REKLAMA
Witam wszystkich serdecznie!
Poszukuję już od dawna swojego pierwszego samochodu. Auto ma służyć przede wszystkim na jazdę po mieście. Nie planuję robić wielu kilometrów w ciągu roku. Przejrzałem troche forum internetowych, poczytałem różne strony i mój zakup padł na Toyotę Corollę. Ze względu na niską awaryjność tego auta.
Przejrzałem wiele ofert i zastanawiam się nad tym autem:
[link do oferty na Olx wygasł]
Czy opłaca się dołożyć tego tysiąca więcej, żeby zakupić to auto?
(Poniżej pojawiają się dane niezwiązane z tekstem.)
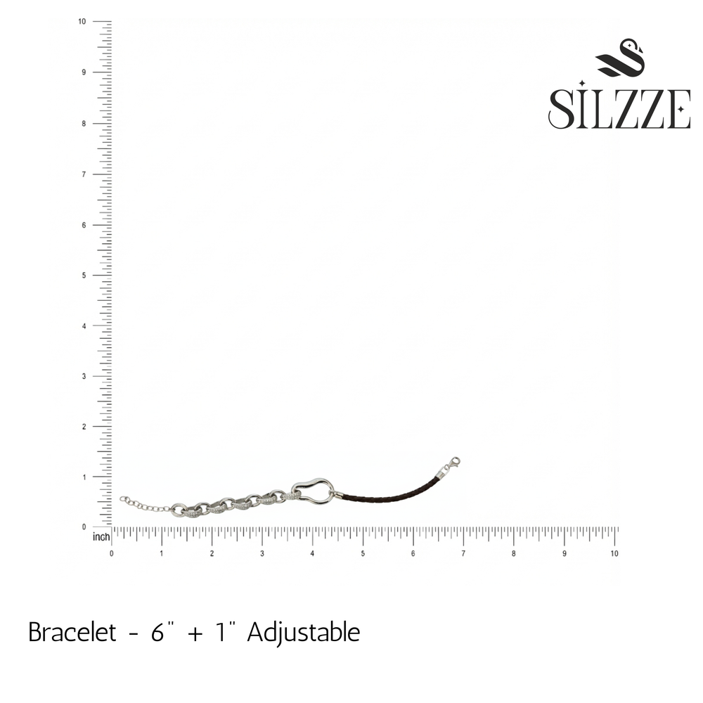 This bold, contemporary piece with high-polished 925 Sterling Silver heavy links, some featuring dazzling pave-set (CZ) stones, with a sturdy braided leather band. The bracelet is defined by its striking dual-material design, bridging industrial metal strength with organic leather texture for a fashion-forward look. The mix of bright silver and dark leather provides a rich, contrasting texture that pairs exceptionally well with watches and other metal bangles. This bracelet makes a strong, confident statement on the wrist, offering an ideal blend of rugged charm and glamorous sparkle that instantly elevates casual and semi-formal wear.

Poprosiłem znajomego z Lublina, żeby podjechał z mechanikem obejrzeć samochód.
Jest tylko jedno miejsce malowane, ale bez szpachli. Pare rys. Mechanicznie widać, że auto bardzo dobre, no i niski przebieg.
I teraz się zastanawiam czy lepiej wyjde na tym jak kupię coś tańszego czy dołożyć trochę i kupić to auto i nie martwić się wydatkami przez najbliższy okres?
Ewentualnie jak macie "pewne" autko (toyotkę), to poproszę o oferty.